Jennifer Aniston als Stripperin: Vier sind keiner zuviel

In der US-Hitkomödie „Wir sind die Millers” spielen vier Außenseiter Familie, um ans große Geld zu kommen
von  Florian Koch

Die Frage nach den letzten Ekel-Tabus im Kino scheint nach den Diskussionen um „Feuchtgebiete” wieder brandaktuell. In den USA hat man sich mit dem Überschreiten von Geschmacksgrenzen gerade im Komödien-Genre jedoch längst abgefunden.

Die Farrelly-Brüder machten mit „Verrückt nach Mary” den Anfang, als Ben Stiller mit Sperma im Gesicht Cameron Diaz die Tür aufmachte. Ein weiterer Türöffner in Richtung dreckigen Humor war Sacha Baron Cohen mit seiner subversiven „Borat”-Figur. Zuletzt bewies Star-Produzent Judd Apatow, dass man auch mit kotzenden und furzenden Frauen („Brautalarm”) ordentlich Geld verdienen kann.
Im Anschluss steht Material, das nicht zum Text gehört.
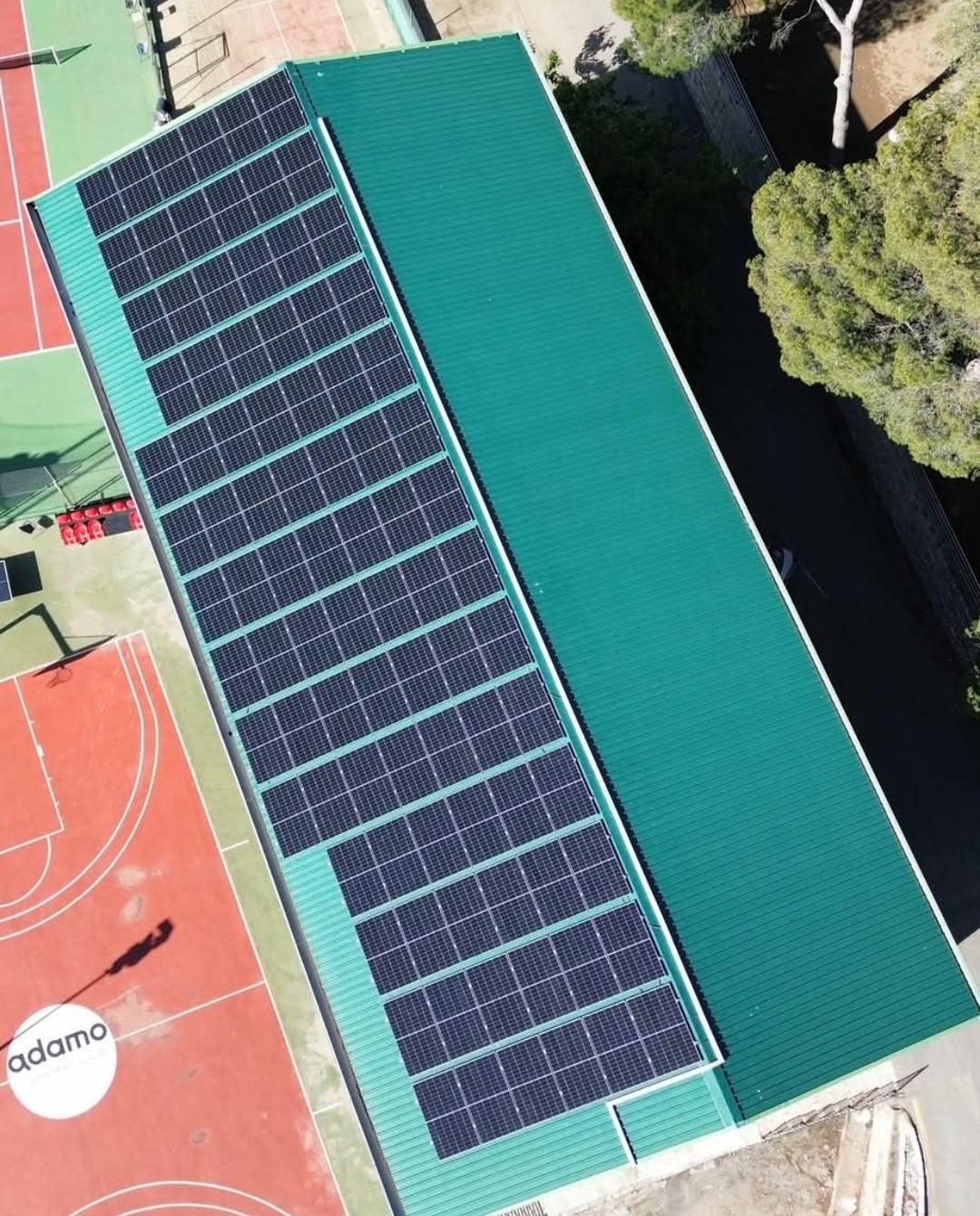 Por su parte, el Frontón Municipal integra 90 módulos instalados sobre la cubierta con orientación sur y estructura coplanar, aportando 41,9 kWp a la red de autoconsumo.

„Wir sind die Millers” schlägt jetzt ein neues Kapitel im Umgang mit Fäkalhumor auf. Zwar baut Rawson Marshall Thurber in seine Komödie immer wieder verbale Schmuddel-Sexwitzchen ein oder zeigt explizit, was für Auswirkungen ein Tarantelbiss auf einen Teenie-Hoden hat. Doch diese pubertären Entgleisungen werden immer wieder geschickt mit einer wertkonservativen Pro-Familien-Botschaft entschärft. In den USA kam dieser Mix blendend an, was sicher auch an der Besetzung liegt.

Denn in „Wir sind die Millers” sollen nicht nur vier Außenseiter plötzlich in andere Rollen schlüpfen, es sind auch die Stars, die hier Figuren spielen, die so gar nicht zu ihrem Image passen. Vorneweg Jennifer Aniston, die auf Demi Moore macht und als frustrierte Stripperin eingeführt wird. Komiker Jason Sudeikis, der klassische Kumpeltyp von nebenan, ist ein fröhlicher Drogendealer und Julia Roberts’ Nichte Emma schlägt sich als „kleines Gossenluder” durch.

All diesen Figuren ist nicht nur gemein, dass ihr Lebensstil nicht zu ihnen passt, auch die Schauspieler wirken in ihren Rollen deplatziert. Das ist aber Teil des Konzepts, denn natürlich sollen sich die zufällig in einem Haus wohnenden Individuen – darunter auch ein schüchterner Nachbarsjunge (Will Poulter) – finden, um eine ungewöhnliche Patchwork-Familie zu werden.

Wie das funktioniert? Dealer David wird ausgeraubt und muss für seinen Auftraggeber – Ed Helms als Orca-Besitzer mit Einstecktuch – ein „klein bisschen Marihuana” aus New Mexico holen. Über die Grenze schafft man es laut David aber nur als „quietschsaubere amerikanische Familie”. Und damit hat er nicht ganz Unrecht. Die Allianz der vier Ausgestoßenen, die nur dank einer hohen Belohnung ihr Rollenspiel aufrecht erhält, macht ihre Sache erstaunlich gut. Bis es sich die mexikanischen Gangster doch ein wenig anders überlegen.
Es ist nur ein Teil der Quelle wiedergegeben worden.